Finding a Way Out
The reappearance of Manuel Zelaya, the deposed president of Honduras, from within the Brazilian embassy in Tegucigalpa, the capital of Honduras, provoked street demonstrations and an emergency powers decree from the de facto government. Since his return the city has witnessed marches and confrontations in the streets, military raids on media outlets, a death threat to a Catholic priest and a baseball stadium converted into a holding pen for detainees—all images that evoke unpleasant memories not just in Honduras but throughout Latin America.
The Obama administration seemed off its game in the final days of September, perhaps because of the accelerating pace of events in Tegucigalpa or perhaps because of genuine frustration with both sides of this standoff. But one thing it may have gotten right in its efforts to restore Zelaya was the suspension of visas allowing travel to the United States. The restrictions seem to have motivated members of Honduras’ business class to step into the civil fray with their own proposal for a way out: Briefly, Zelaya can be restored with limited powers but must defend himself against allegations of corruption.
The plan is not perfect. One wonders, after three months of crisis and with positions hardening on both sides, if Zelaya can count on a truly fair trial. But the business leaders’ proposal comes closer to what Costa Rica’s President Oscar Arias has proposed: to return Zelaya to the president’s office (with immunity offered all around). That could be the basis for dialogue that both sides could accept without much political shame. If Zelaya is true to his word and confident of his innocence, he should accept this plan. The increasingly embattled de facto president, Roberto Micheletti, would be wise, for his part, to embrace the proposal as a face- and life-saving way out of what could otherwise deteriorate into a terrible civil conflict.
Sudan’s Crucified Christians
Gangs affiliated with the Lord’s Resistance Army in Northern Uganda have been crossing the border into Sudan, “crucifying” Christians during raids. Near the town of Nazra, seven recently died. On discovering the bodies, villagers described what they found as a “grotesque crucifixion scene.” The guerillas nailed the victims to pieces of wood on the ground before killing them. Bishop Eduardo Hiiboro Kussala of Tombura-Yambio blames the government in Khartoum for not increasing security in that area and has called upon the international community for help.

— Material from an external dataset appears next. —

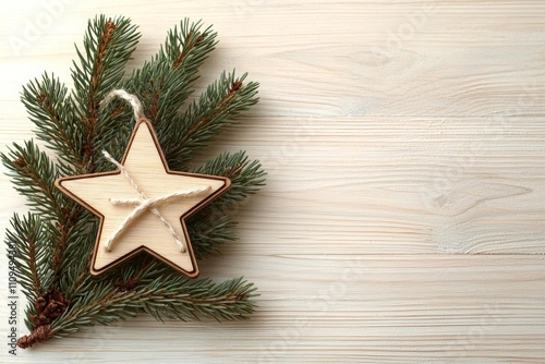 Simple pine branch on a light wooden surface with a minimalist wooden star
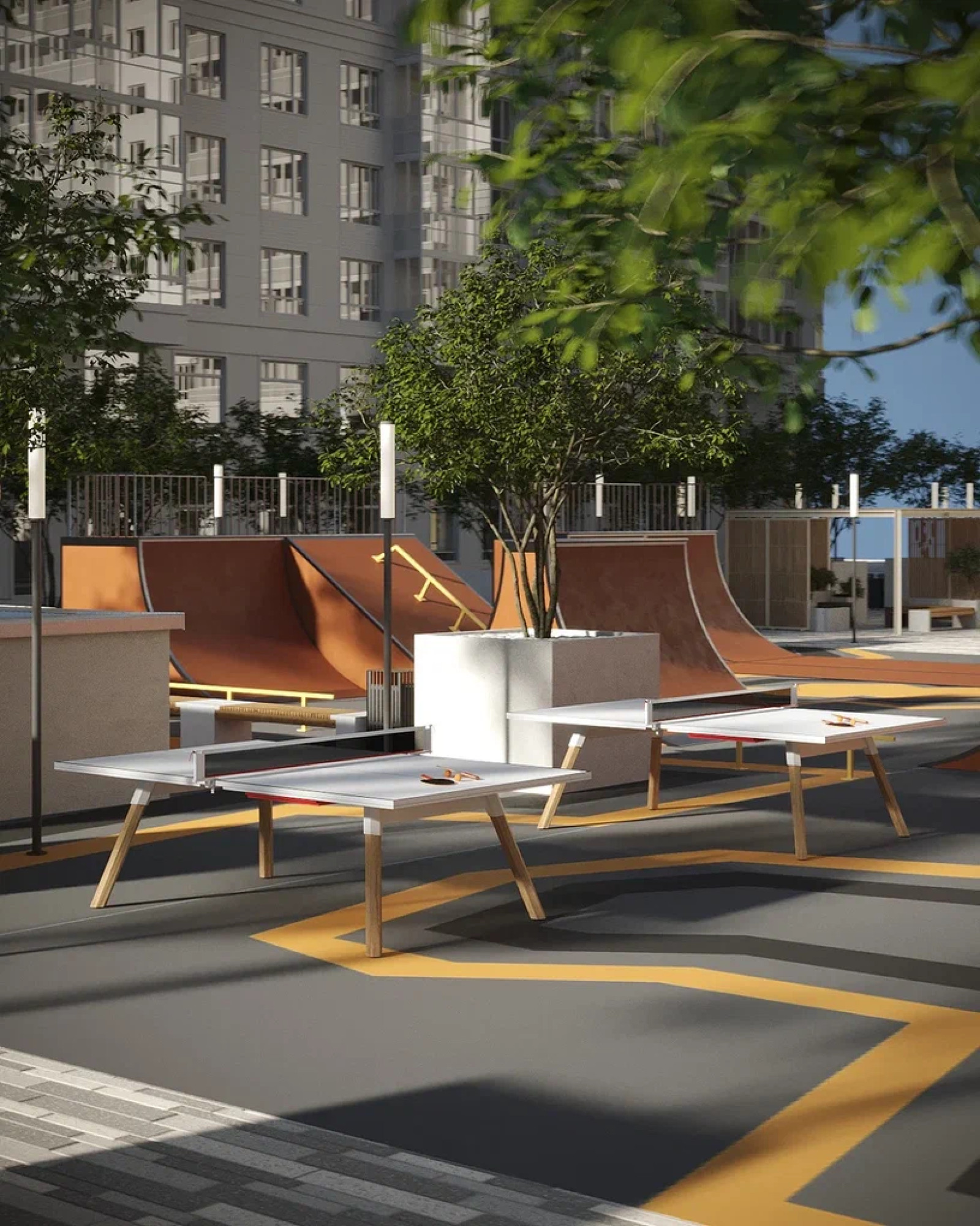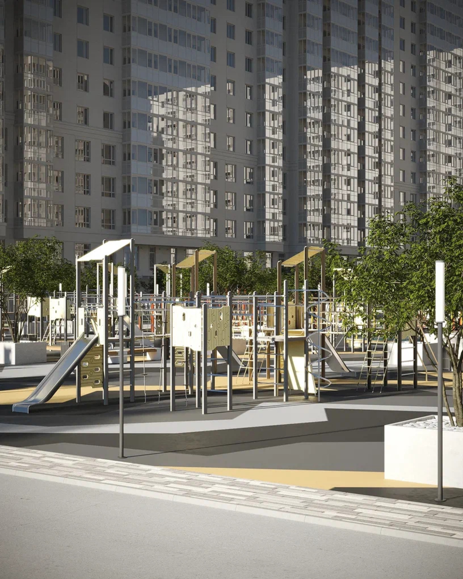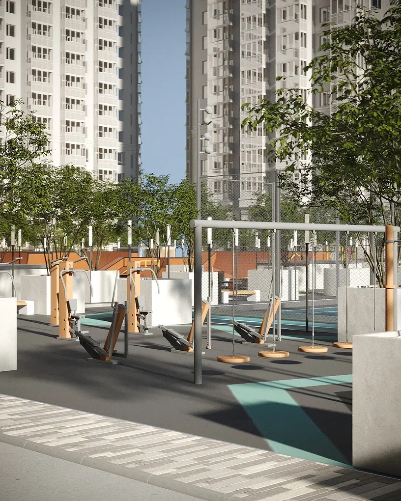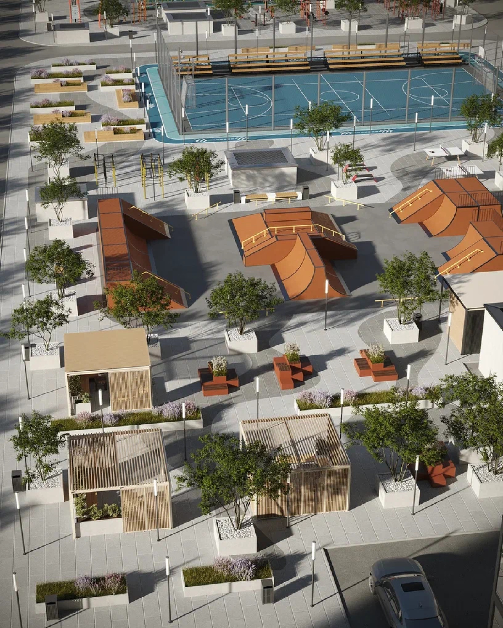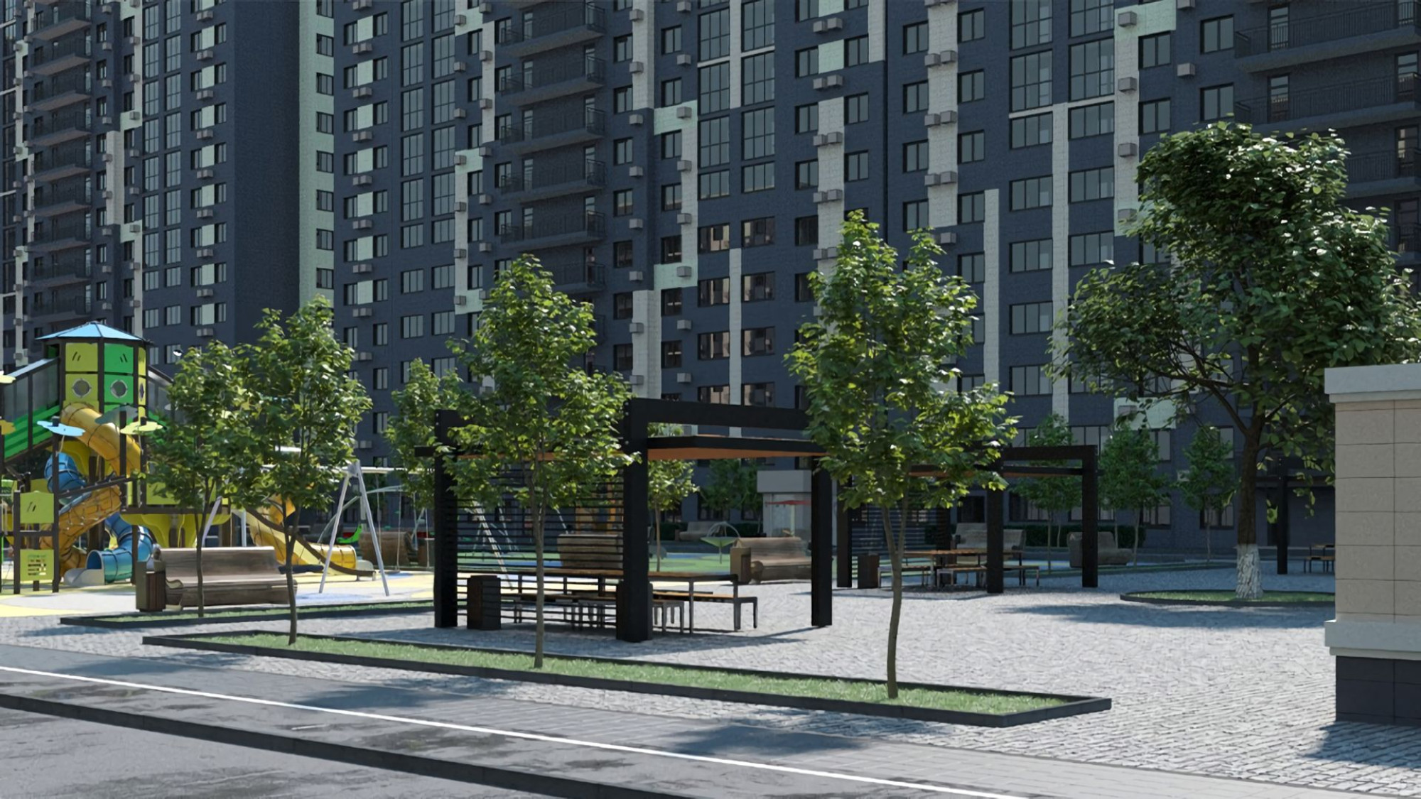 транспортная развязка, магазины, места отдыха и развлечений, парковые зоны.

In one attack, guerillas rushed into Our Lady Queen of Peace in Enzo during novena prayers on the Feast of the Assumption. After desecrating the host they abducted 17 young people. One captive was tied to a tree and killed, according to Aid to the Church in Need, a charity assisting persecuted Christians. The bishop said “the attackers clearly wanted to harm the people because they knew they were at prayer.” Bishop Hiiboro ordered three days of prayer, and 20,000 people walked in silent protest against the government’s inaction. The Khartoum government is failing Christians within its population, ignoring its responsibility to safeguard some of its most vulnerable citizens. Such events underscore the importance of the doctrine of the responsibility to protect, whereby a sovereign state like Sudan should be held responsible for protecting its citizens from atrocities like these.
The Grand Master Visits
America’s editors do not normally host people who are formally addressed as “Your Most Eminent Highness,” which made the visit of the Grand Master of the Order of Malta, Fra Matthew Festing, all the more delightful. Fra Matthew’s trip from Rome to the United States was part of his charge to care for the members and works of his order. During his visit to the magazine, he outlined the international network of charitable works that fulfill the order’s motto: Tuitio fidei et obsequium pauperum. When one editor remarked that the defense of faith and service to the poor are connected, Fra Matthew, whose friendly manner belies his august title, readily agreed.
The Sovereign Military Hospitaller Order of St. John of Jerusalem, of Rhodes and of Malta began ministering to the crusaders in Jerusalem in 1099 and was formally approved as a religious order in 1113. Today, though the order is a sovereign entity, its nonpartisan status enables the members to work in a variety of political hot spots. They provided humanitarian relief during the crisis in the Balkans in the late 1990s, for example, when they transported blankets all the way from Scotland to internally displaced people. Efforts among the war-torn recently led to the death of three members working in Afghanistan.
Fra Matthew, an Englishman descended from a Catholic recusant family, also boasts an unusual connection to America. During a tour of our offices he paused before an icon of St. Edmund Campion, the English priest martyred not only for his ministry to Elizabethan-era Catholics, but also for his provocative pamphlets. Fra Matthew remarked that his family once owned the house where Campion’s printing press was located, which published the writings “which caused all the bother.”